Supplied entries:
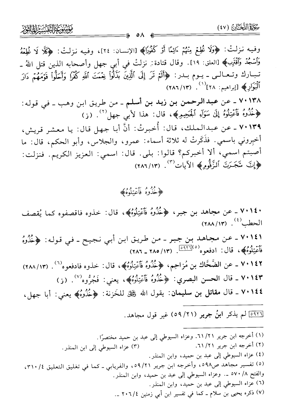 ٧٠١٤٠ - عن مجاهد بن جبر، {خُذُوهُ فاعْتِلُوهُ}، قال: خذوه فاقصفوه كما يُقصف الحطب (¬٤). (١٣/ ٢٨٨)
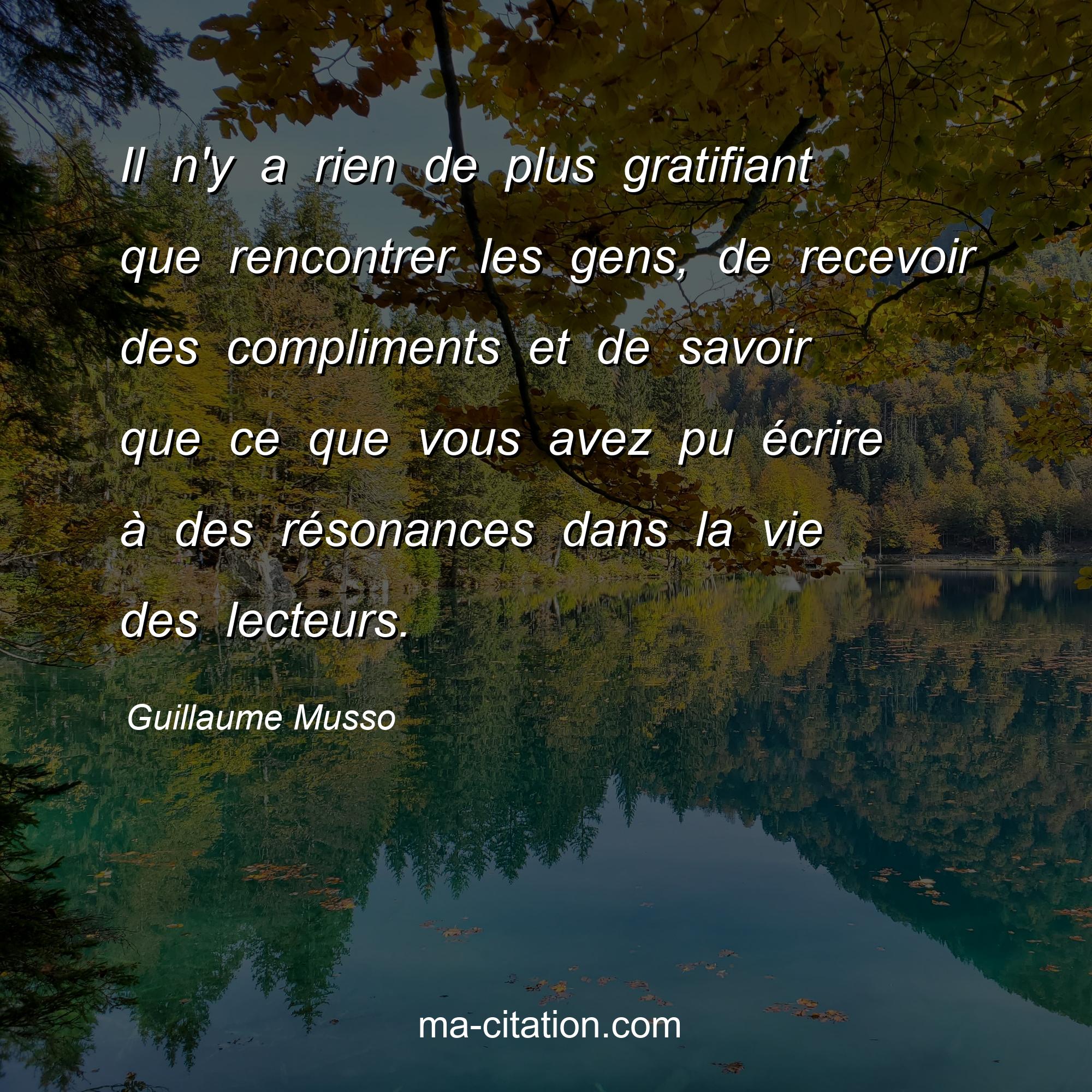 Guillaume Musso est l'auteur de la citation sur la vie "Il n'y a rien de plus gratifiant que rencontrer les gens, de recevoir des compliments et de savoir que ce que vous avez pu écrire à des résonances dans la vie des lecteurs.".
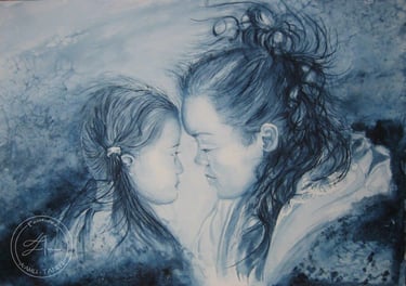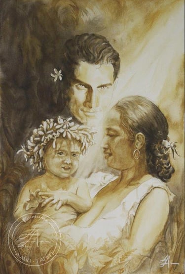 "Maupiti, mère & fils en 1938, et 75 ans + tard..." (Aquarelle 56 cm X 36 cm )2013
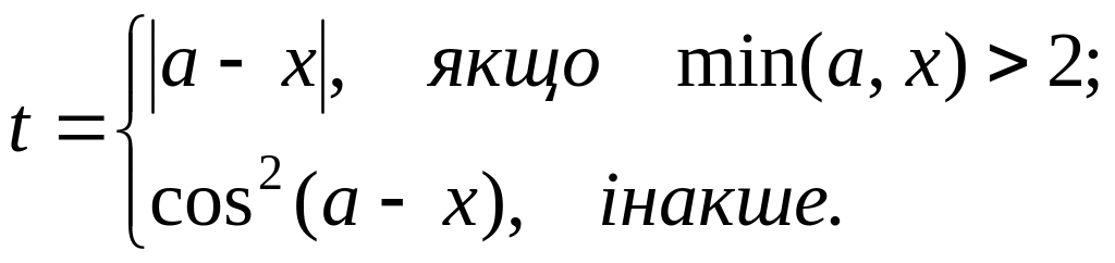 Скласти блок-схему та програму обчислення значення функції. Ввести вхідні дані та вивести на екран вхідні дані та значення функції.
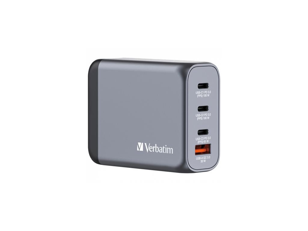 Sieťová nabíjačka, 2xUSB-C PD (100W), USB-C PD (65W), USB-A QC 3.0, EU/UK/US, GaN, VERBATIM
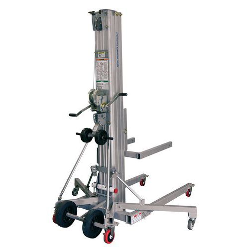 - Elévateur manuel de charge avec mât télescopique en aluminium léger et robuste.
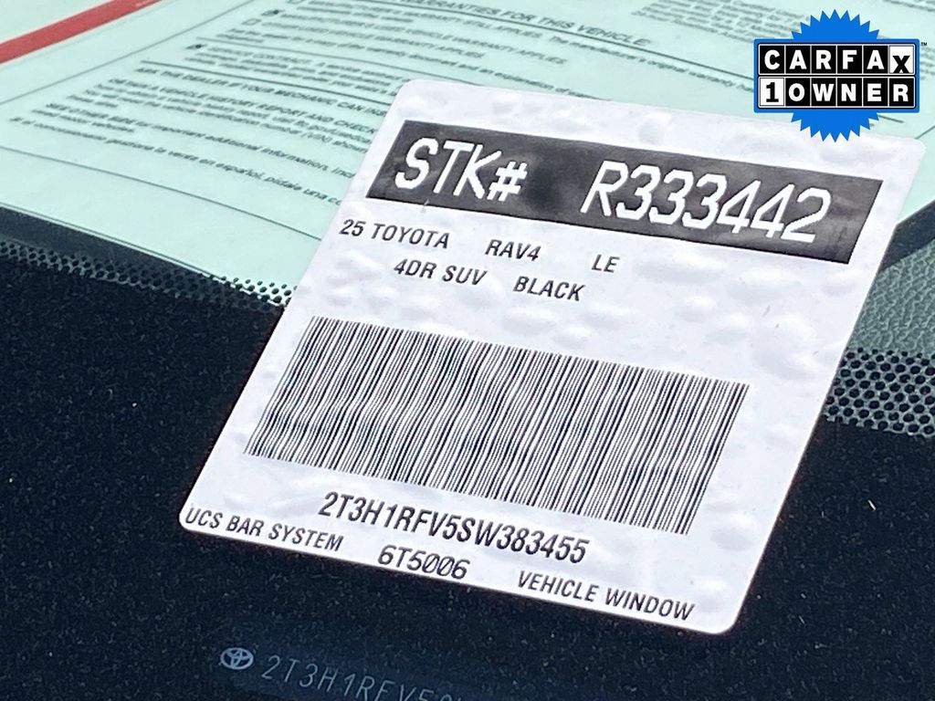 Looks and runs great. Good tires and brakes. Engine and transmission run smooth. Damage free. Immaculate inside and out. FREE CARFAX! We have great interest rate and financing for ALL credit situations.. Black 2025 Toyota RAV4 LE FWD 8-Speed Automatic 2.5L 4-Cylinder DOHC Dual VVT-i Black Cloth.
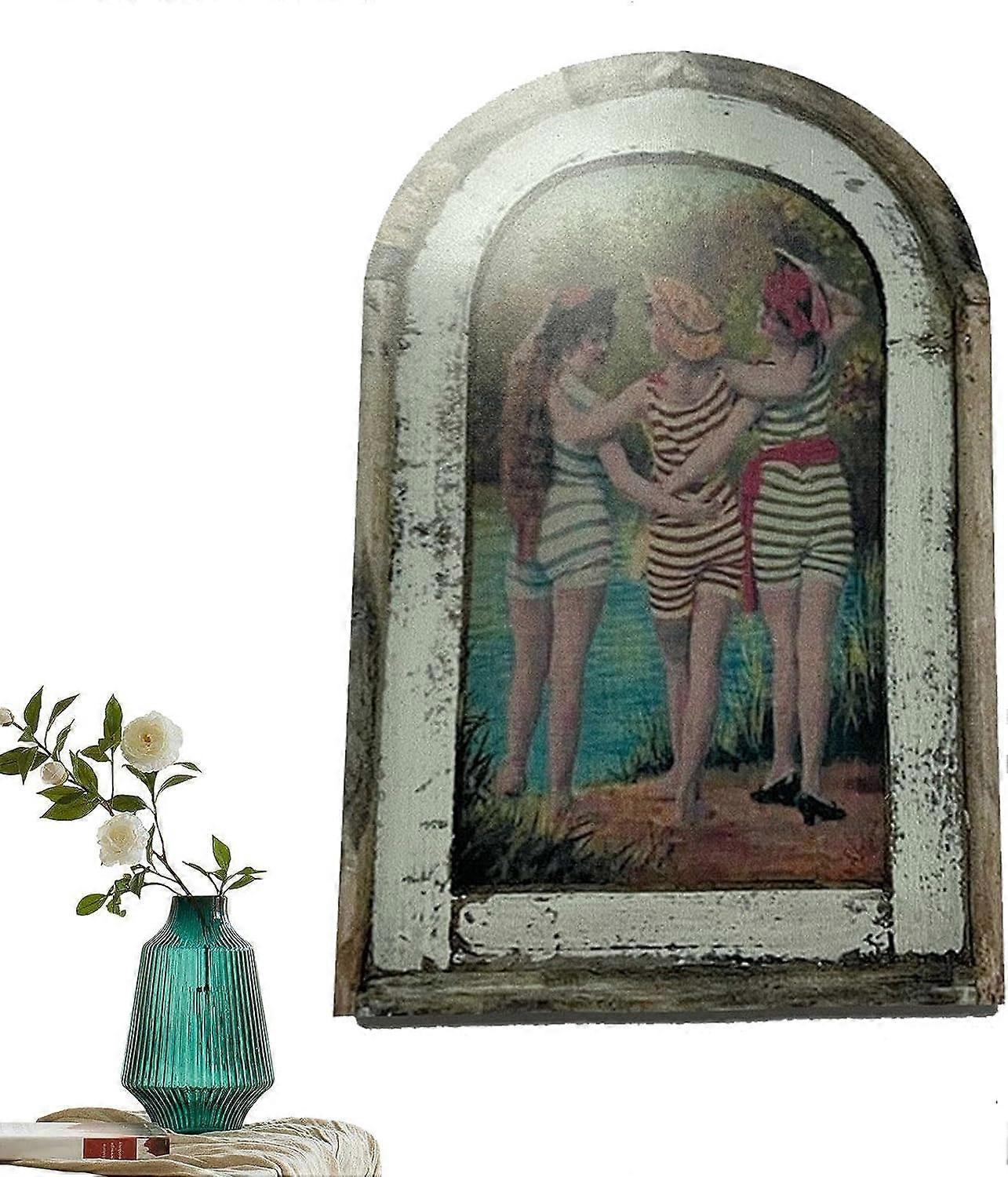 Rustic Bathroom Signs | Wooden Framed Painting | Wall Sculpture Decor, Modern Art Work, Living Room Bedroom Hanging Ornaments

Exercise:
Leave out the pictures, and write out exactly the lines from the line containing "Sieťová nabíjačka, 2xUSB-C" through the end of the records above.

Reply:
 Sieťová nabíjačka, 2xUSB-C PD (100W), USB-C PD (65W), USB-A QC 3.0, EU/UK/US, GaN, VERBATIM
 - Elévateur manuel de charge avec mât télescopique en aluminium léger et robuste.
 Looks and runs great. Good tires and brakes. Engine and transmission run smooth. Damage free. Immaculate inside and out. FREE CARFAX! We have great interest rate and financing for ALL credit situations.. Black 2025 Toyota RAV4 LE FWD 8-Speed Automatic 2.5L 4-Cylinder DOHC Dual VVT-i Black Cloth.
 Rustic Bathroom Signs | Wooden Framed Painting | Wall Sculpture Decor, Modern Art Work, Living Room Bedroom Hanging Ornaments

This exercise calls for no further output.